┏━━

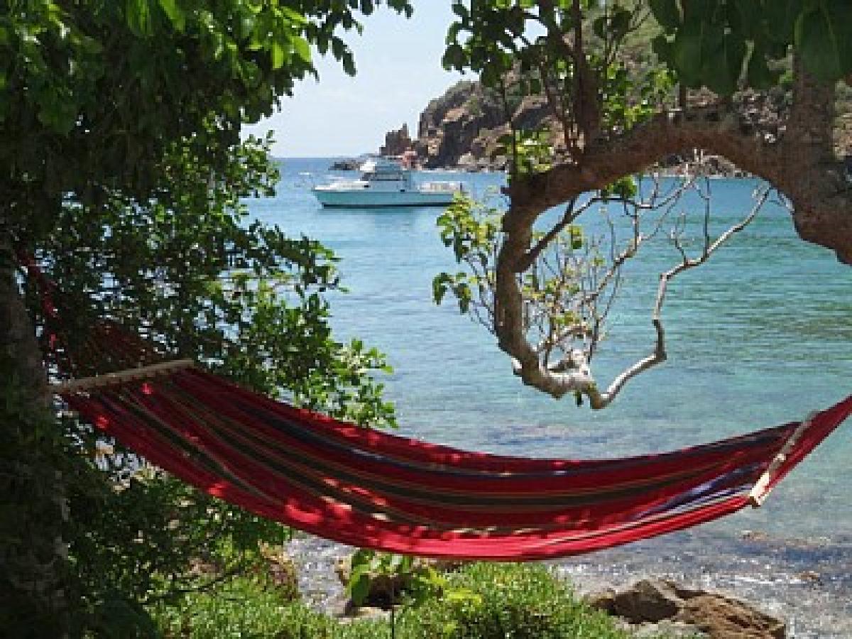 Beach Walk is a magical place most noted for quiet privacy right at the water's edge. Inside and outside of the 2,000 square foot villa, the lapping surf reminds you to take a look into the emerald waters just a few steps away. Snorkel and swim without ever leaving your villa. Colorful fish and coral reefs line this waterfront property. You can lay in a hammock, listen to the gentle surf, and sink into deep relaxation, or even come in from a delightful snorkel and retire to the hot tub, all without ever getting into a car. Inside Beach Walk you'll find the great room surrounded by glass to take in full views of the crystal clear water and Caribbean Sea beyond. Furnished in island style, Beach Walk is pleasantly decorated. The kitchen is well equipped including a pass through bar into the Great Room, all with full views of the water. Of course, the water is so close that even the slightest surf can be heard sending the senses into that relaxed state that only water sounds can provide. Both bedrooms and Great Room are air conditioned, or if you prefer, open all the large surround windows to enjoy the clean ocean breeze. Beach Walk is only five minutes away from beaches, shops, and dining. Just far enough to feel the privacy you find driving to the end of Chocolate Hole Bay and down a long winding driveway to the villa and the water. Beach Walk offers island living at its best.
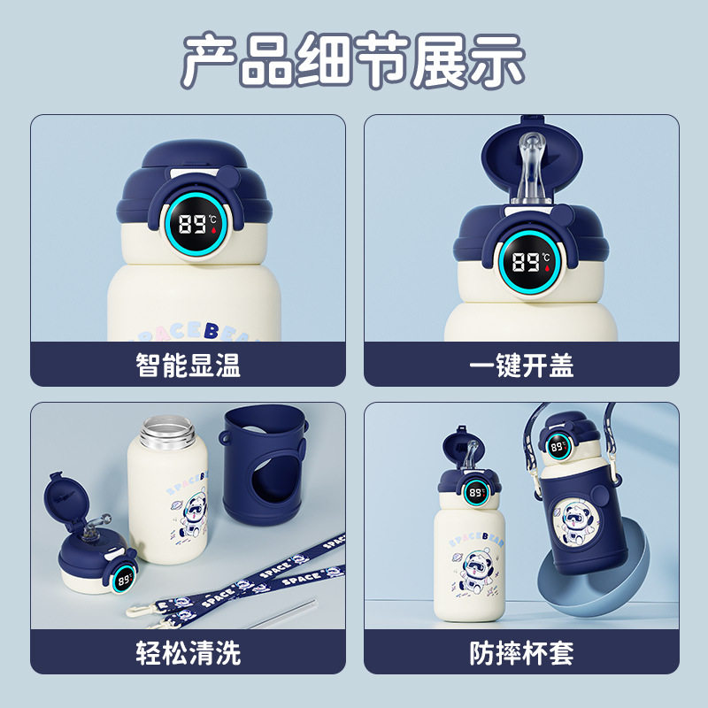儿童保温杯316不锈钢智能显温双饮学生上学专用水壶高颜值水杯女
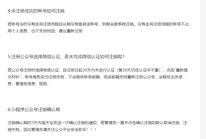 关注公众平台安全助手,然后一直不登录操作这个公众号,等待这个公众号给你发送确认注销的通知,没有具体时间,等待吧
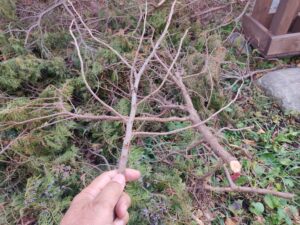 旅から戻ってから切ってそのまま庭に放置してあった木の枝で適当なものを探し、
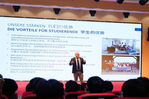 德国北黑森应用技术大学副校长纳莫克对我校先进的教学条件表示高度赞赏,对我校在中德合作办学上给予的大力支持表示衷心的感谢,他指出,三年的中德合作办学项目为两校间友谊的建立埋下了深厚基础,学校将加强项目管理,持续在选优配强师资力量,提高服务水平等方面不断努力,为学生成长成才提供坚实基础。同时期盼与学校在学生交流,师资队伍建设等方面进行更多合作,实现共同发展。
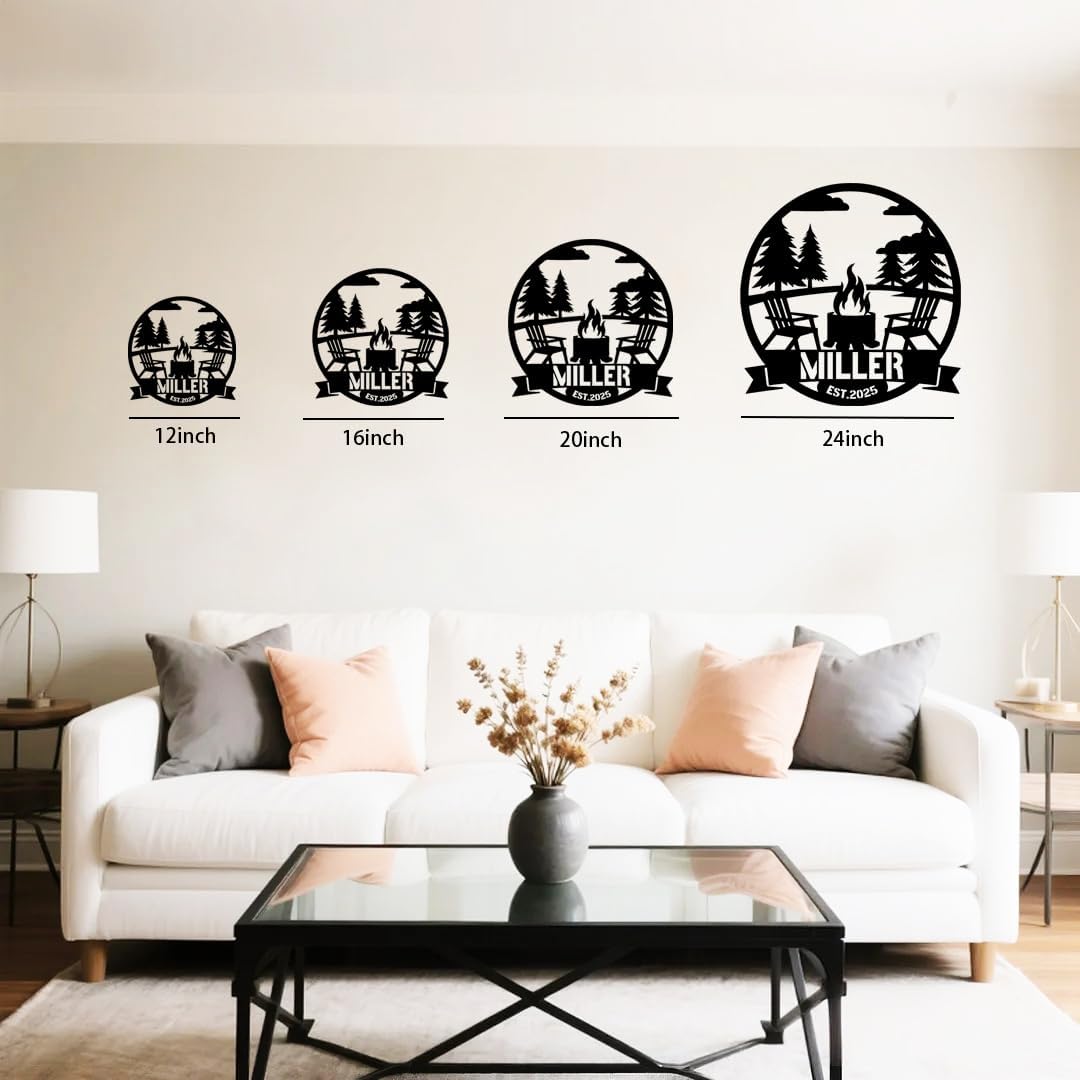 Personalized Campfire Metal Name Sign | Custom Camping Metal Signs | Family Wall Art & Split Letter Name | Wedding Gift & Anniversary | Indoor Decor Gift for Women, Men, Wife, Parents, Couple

┗━━

Assigned task: Go through the entries above and write them out again exactly, images left behind.

Finished task:
 Beach Walk is a magical place most noted for quiet privacy right at the water's edge. Inside and outside of the 2,000 square foot villa, the lapping surf reminds you to take a look into the emerald waters just a few steps away. Snorkel and swim without ever leaving your villa. Colorful fish and coral reefs line this waterfront property. You can lay in a hammock, listen to the gentle surf, and sink into deep relaxation, or even come in from a delightful snorkel and retire to the hot tub, all without ever getting into a car. Inside Beach Walk you'll find the great room surrounded by glass to take in full views of the crystal clear water and Caribbean Sea beyond. Furnished in island style, Beach Walk is pleasantly decorated. The kitchen is well equipped including a pass through bar into the Great Room, all with full views of the water. Of course, the water is so close that even the slightest surf can be heard sending the senses into that relaxed state that only water sounds can provide. Both bedrooms and Great Room are air conditioned, or if you prefer, open all the large surround windows to enjoy the clean ocean breeze. Beach Walk is only five minutes away from beaches, shops, and dining. Just far enough to feel the privacy you find driving to the end of Chocolate Hole Bay and down a long winding driveway to the villa and the water. Beach Walk offers island living at its best.
儿童保温杯316不锈钢智能显温双饮学生上学专用水壶高颜值水杯女
 关注公众平台安全助手,然后一直不登录操作这个公众号,等待这个公众号给你发送确认注销的通知,没有具体时间,等待吧
 旅から戻ってから切ってそのまま庭に放置してあった木の枝で適当なものを探し、
 德国北黑森应用技术大学副校长纳莫克对我校先进的教学条件表示高度赞赏,对我校在中德合作办学上给予的大力支持表示衷心的感谢,他指出,三年的中德合作办学项目为两校间友谊的建立埋下了深厚基础,学校将加强项目管理,持续在选优配强师资力量,提高服务水平等方面不断努力,为学生成长成才提供坚实基础。同时期盼与学校在学生交流,师资队伍建设等方面进行更多合作,实现共同发展。
 Personalized Campfire Metal Name Sign | Custom Camping Metal Signs | Family Wall Art & Split Letter Name | Wedding Gift & Anniversary | Indoor Decor Gift for Women, Men, Wife, Parents, Couple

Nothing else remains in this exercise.